*Recorded data:*
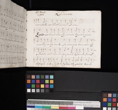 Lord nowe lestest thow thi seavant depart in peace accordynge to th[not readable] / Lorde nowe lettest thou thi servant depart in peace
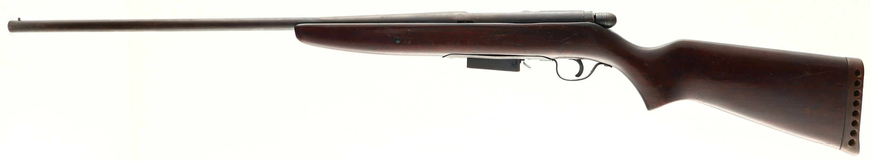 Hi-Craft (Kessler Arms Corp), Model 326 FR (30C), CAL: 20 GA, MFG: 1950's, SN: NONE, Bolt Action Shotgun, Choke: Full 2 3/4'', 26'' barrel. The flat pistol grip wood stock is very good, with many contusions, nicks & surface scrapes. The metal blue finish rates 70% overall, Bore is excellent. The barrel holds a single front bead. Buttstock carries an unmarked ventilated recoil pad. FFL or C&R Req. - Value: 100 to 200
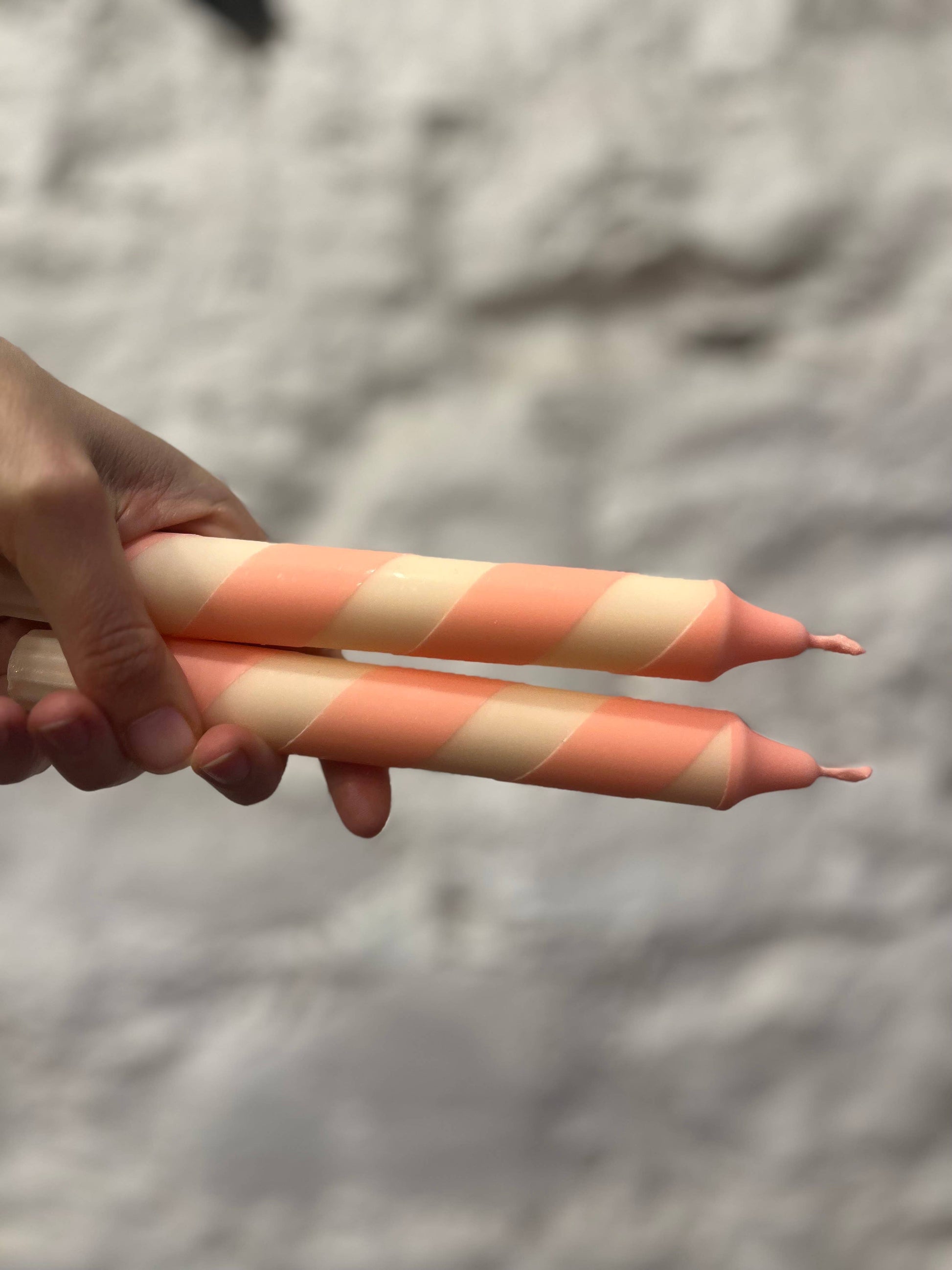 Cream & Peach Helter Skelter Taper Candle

*What the task requires:* Repeat every line of the data exactly, but do not include pictures.

*Output:*
 Lord nowe lestest thow thi seavant depart in peace accordynge to th[not readable] / Lorde nowe lettest thou thi servant depart in peace
 Hi-Craft (Kessler Arms Corp), Model 326 FR (30C), CAL: 20 GA, MFG: 1950's, SN: NONE, Bolt Action Shotgun, Choke: Full 2 3/4'', 26'' barrel. The flat pistol grip wood stock is very good, with many contusions, nicks & surface scrapes. The metal blue finish rates 70% overall, Bore is excellent. The barrel holds a single front bead. Buttstock carries an unmarked ventilated recoil pad. FFL or C&R Req. - Value: 100 to 200
 Cream & Peach Helter Skelter Taper Candle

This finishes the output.